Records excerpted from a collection
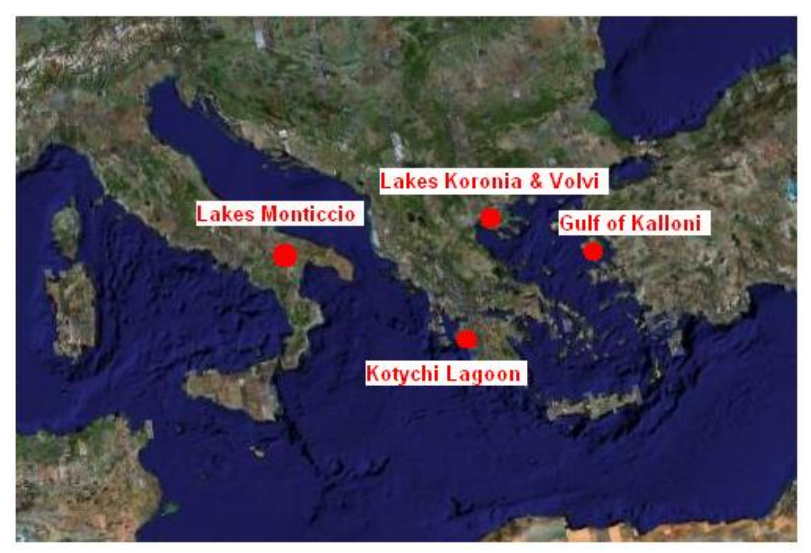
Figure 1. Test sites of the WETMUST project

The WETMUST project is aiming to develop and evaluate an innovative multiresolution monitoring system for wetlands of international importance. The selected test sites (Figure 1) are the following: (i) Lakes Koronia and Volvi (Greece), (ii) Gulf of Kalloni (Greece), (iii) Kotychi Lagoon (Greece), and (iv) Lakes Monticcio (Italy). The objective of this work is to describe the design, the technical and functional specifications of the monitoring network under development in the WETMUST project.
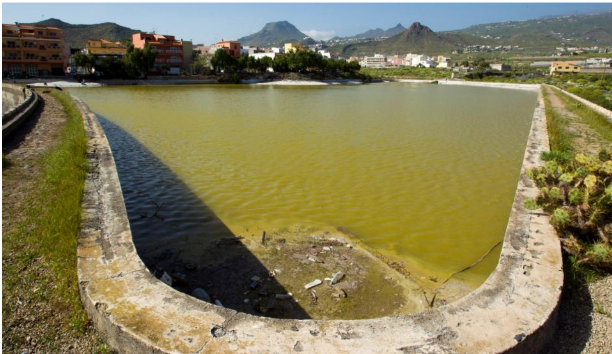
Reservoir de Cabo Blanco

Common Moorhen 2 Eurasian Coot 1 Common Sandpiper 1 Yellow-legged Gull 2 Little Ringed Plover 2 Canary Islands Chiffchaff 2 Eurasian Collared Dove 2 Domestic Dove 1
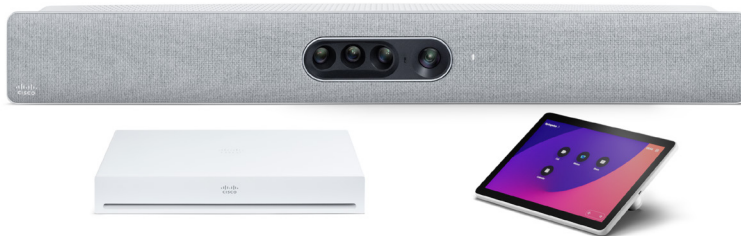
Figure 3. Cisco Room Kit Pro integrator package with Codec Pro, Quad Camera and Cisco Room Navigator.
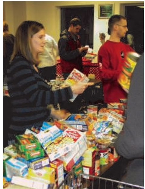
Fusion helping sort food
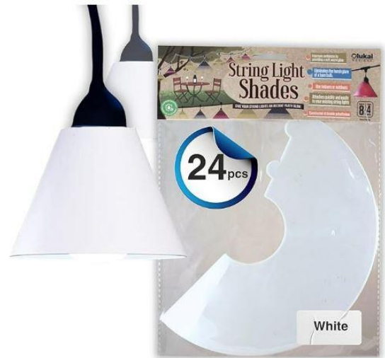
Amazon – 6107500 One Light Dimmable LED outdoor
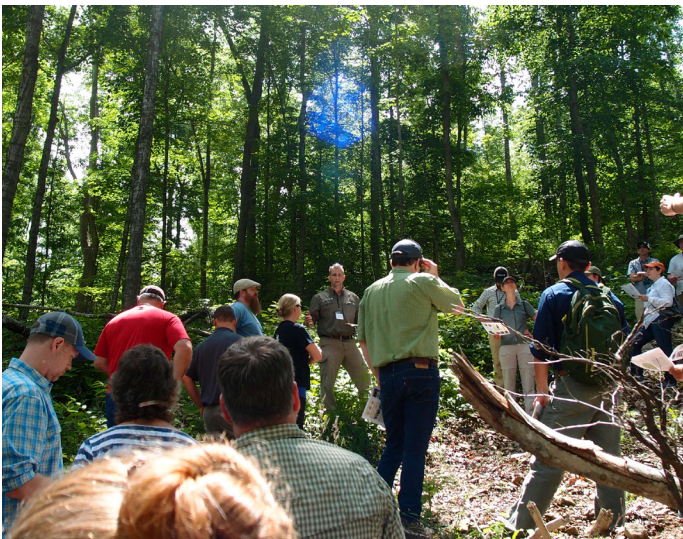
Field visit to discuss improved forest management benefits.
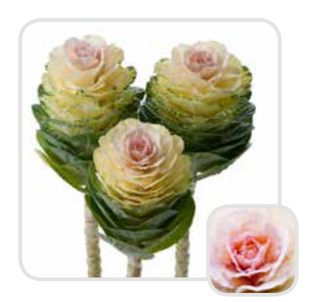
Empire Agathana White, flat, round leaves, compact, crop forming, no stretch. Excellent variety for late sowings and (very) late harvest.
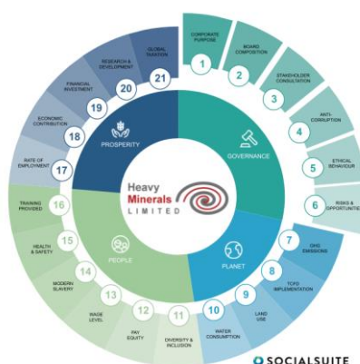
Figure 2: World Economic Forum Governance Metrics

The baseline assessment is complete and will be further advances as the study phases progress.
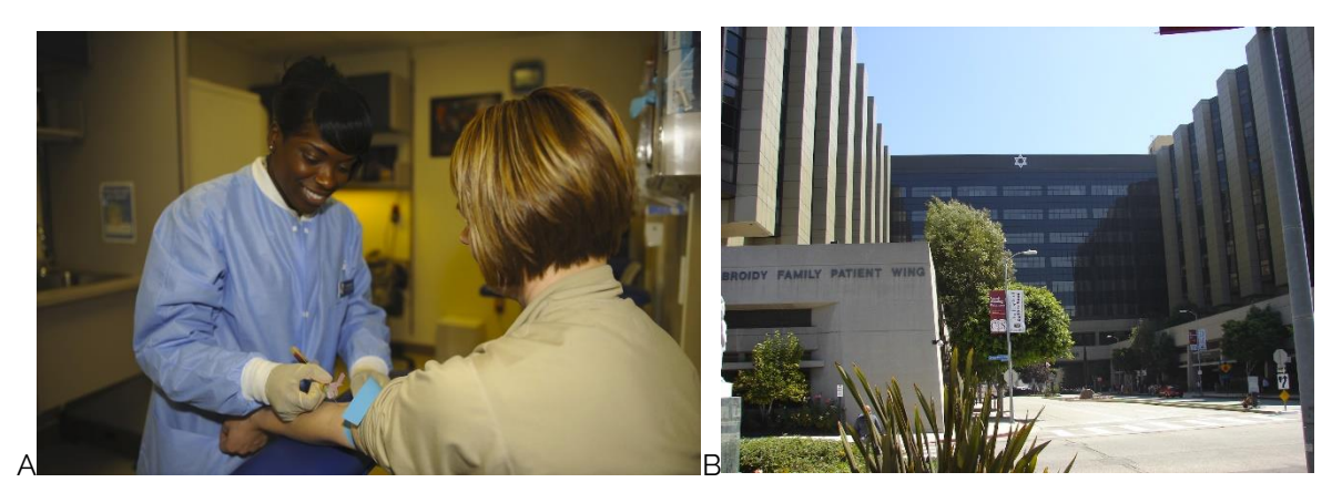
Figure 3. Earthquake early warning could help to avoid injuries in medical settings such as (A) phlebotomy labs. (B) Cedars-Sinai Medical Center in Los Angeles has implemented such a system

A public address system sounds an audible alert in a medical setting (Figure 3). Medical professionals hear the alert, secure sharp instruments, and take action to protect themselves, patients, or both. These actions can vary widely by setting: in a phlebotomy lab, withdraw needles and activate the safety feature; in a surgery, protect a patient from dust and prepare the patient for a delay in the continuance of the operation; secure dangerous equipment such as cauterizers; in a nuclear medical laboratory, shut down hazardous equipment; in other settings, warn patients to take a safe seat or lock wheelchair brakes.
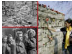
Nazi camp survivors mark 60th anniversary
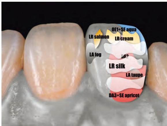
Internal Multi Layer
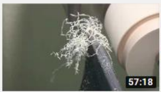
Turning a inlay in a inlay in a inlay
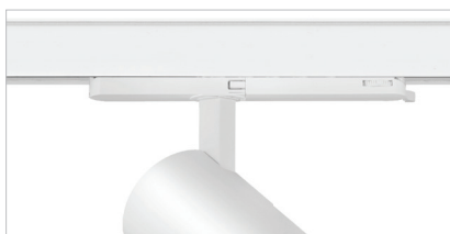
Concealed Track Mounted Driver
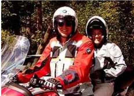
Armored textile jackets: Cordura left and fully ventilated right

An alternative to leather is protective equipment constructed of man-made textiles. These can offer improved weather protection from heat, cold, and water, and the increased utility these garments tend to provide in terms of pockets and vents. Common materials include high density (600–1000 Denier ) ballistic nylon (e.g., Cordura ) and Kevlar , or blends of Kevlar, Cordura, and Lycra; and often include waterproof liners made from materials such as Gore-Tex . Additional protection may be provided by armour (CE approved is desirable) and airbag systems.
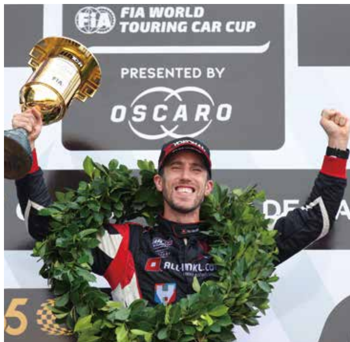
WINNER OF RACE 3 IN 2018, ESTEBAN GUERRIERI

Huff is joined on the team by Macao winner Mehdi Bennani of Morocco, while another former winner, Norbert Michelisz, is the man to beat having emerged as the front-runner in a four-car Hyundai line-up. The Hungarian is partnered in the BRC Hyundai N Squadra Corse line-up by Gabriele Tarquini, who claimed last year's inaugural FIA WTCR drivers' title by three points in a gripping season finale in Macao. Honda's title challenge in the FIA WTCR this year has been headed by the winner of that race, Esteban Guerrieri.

...

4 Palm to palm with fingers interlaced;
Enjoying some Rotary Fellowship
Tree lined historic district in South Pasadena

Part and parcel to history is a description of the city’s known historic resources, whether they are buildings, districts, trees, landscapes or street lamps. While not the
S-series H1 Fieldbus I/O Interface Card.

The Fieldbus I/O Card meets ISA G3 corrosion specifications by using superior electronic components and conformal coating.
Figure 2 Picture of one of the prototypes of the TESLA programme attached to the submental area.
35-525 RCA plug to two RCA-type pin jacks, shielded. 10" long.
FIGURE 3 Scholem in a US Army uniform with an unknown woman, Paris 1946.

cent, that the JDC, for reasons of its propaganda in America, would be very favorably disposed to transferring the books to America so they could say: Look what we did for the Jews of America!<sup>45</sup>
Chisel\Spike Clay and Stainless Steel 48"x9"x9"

(ACTION ITEM): Write out, word for word, the stretch of entries that begins at the line with "Figure 3. Cisco" and ends at the line with "The baseline assessment". Pictures do not belong in it.

(SOLVED EXERCISE):
Figure 3. Cisco Room Kit Pro integrator package with Codec Pro, Quad Camera and Cisco Room Navigator.
Fusion helping sort food
Amazon – 6107500 One Light Dimmable LED outdoor
Field visit to discuss improved forest management benefits.
Empire Agathana White, flat, round leaves, compact, crop forming, no stretch. Excellent variety for late sowings and (very) late harvest.
Figure 2: World Economic Forum Governance Metrics

The baseline assessment is complete and will be further advances as the study phases progress.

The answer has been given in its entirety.